**Exercise prompt**
Output exactly the lines below, starting with the line that has "- Caso o jogador" and going on through the line that has "dans l’arborescence MeSH.", both included, and no other lines.

◇ ◇ ◇ ◇

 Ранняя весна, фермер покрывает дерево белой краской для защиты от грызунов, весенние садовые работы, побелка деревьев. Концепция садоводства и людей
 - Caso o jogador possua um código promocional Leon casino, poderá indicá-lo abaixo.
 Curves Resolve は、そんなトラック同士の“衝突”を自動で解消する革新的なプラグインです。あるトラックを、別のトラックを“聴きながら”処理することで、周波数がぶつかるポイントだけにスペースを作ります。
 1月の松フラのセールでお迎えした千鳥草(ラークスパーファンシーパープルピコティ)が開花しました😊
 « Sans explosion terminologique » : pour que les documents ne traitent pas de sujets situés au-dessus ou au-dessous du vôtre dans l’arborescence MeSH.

◇ ◇ ◇ ◇

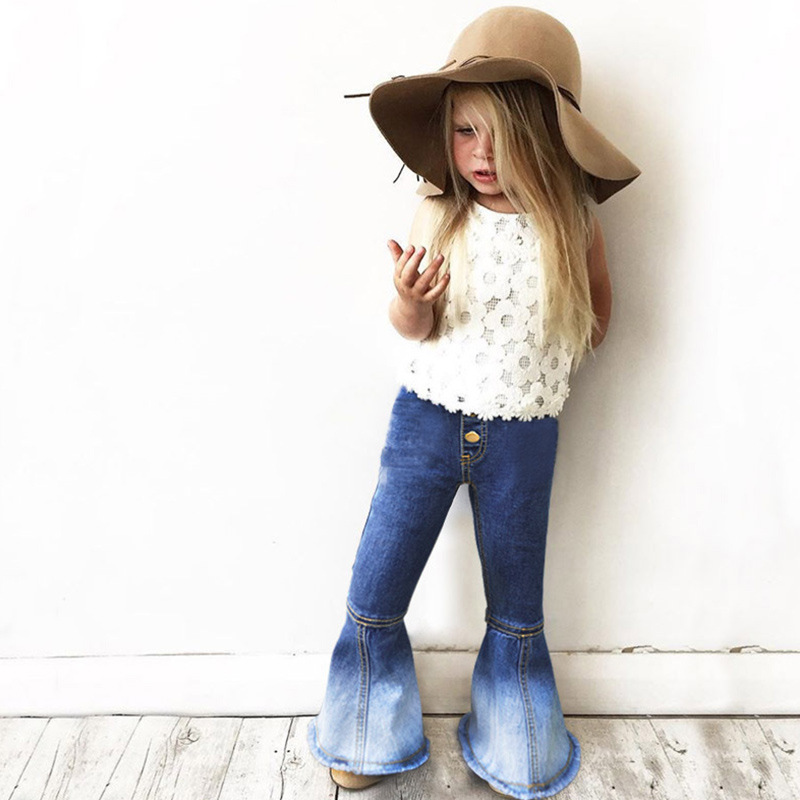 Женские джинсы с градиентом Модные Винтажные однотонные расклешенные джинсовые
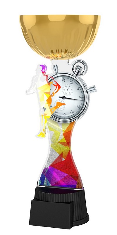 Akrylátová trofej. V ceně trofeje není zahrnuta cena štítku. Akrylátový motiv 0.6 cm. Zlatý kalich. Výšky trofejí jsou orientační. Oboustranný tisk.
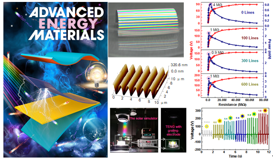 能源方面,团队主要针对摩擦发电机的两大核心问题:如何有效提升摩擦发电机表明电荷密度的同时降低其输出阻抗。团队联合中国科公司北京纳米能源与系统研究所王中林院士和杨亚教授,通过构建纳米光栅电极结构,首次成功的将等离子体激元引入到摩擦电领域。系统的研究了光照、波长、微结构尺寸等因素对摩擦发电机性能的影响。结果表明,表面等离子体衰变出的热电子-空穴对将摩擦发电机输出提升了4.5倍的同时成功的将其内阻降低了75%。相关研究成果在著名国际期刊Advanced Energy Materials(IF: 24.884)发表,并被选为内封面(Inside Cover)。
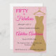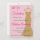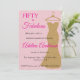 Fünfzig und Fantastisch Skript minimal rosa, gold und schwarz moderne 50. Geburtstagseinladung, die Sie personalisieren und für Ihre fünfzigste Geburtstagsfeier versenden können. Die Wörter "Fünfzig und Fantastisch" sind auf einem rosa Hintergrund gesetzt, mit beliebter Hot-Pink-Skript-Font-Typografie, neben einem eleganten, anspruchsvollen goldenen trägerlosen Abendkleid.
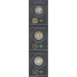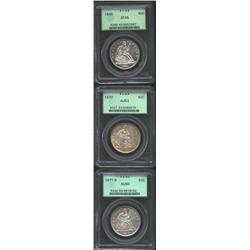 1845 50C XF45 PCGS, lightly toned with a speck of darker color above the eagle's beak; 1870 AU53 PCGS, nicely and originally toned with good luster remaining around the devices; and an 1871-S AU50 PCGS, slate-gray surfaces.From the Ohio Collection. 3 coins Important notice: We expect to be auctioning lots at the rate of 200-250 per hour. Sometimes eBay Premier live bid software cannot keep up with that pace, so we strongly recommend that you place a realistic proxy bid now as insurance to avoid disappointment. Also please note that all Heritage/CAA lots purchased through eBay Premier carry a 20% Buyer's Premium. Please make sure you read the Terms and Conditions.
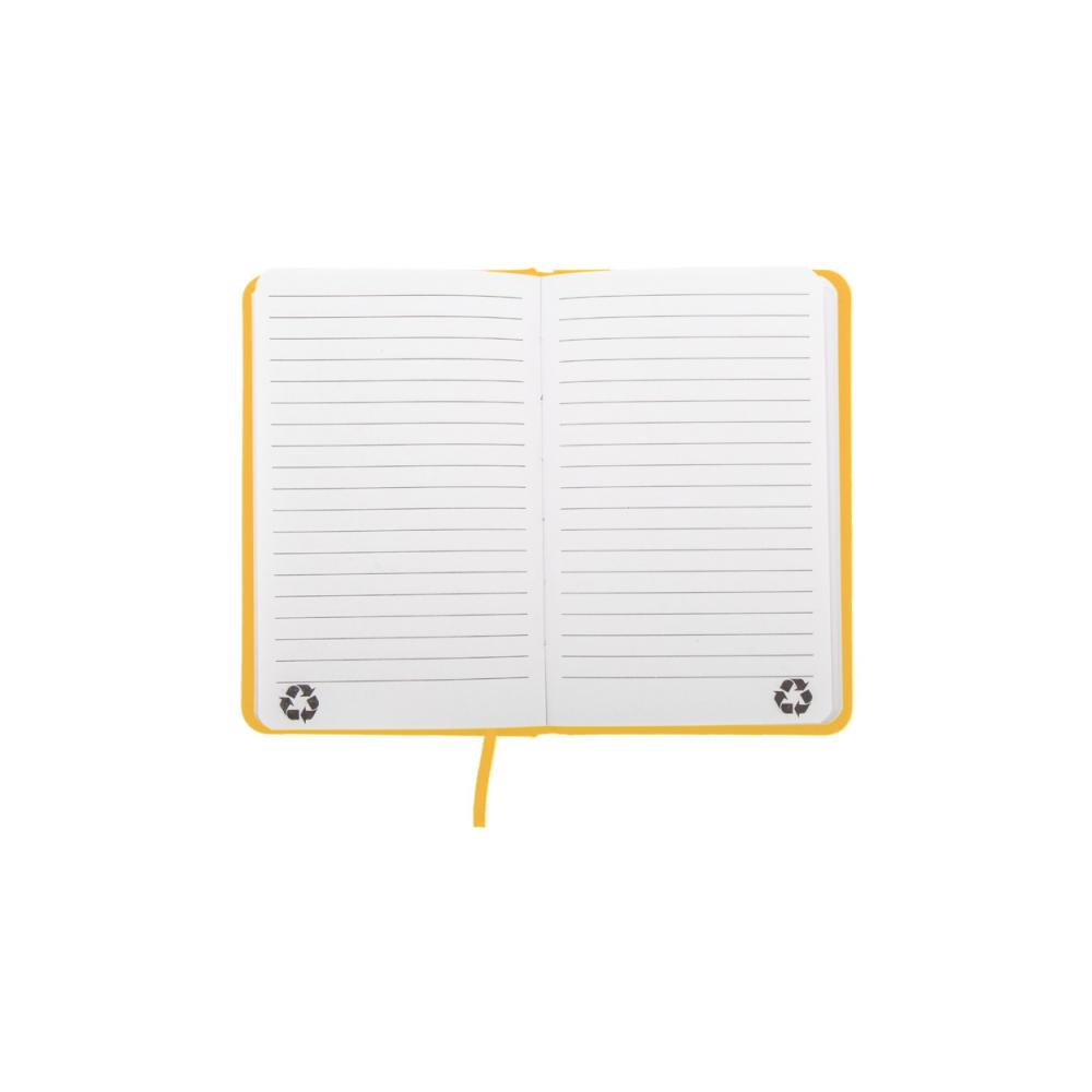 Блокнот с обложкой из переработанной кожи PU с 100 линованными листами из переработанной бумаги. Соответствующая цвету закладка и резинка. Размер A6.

◇ ◇ ◇ ◇

**Response to the exercise**
 - Caso o jogador possua um código promocional Leon casino, poderá indicá-lo abaixo.
 Curves Resolve は、そんなトラック同士の“衝突”を自動で解消する革新的なプラグインです。あるトラックを、別のトラックを“聴きながら”処理することで、周波数がぶつかるポイントだけにスペースを作ります。
 1月の松フラのセールでお迎えした千鳥草(ラークスパーファンシーパープルピコティ)が開花しました😊
 « Sans explosion terminologique » : pour que les documents ne traitent pas de sujets situés au-dessus ou au-dessous du vôtre dans l’arborescence MeSH.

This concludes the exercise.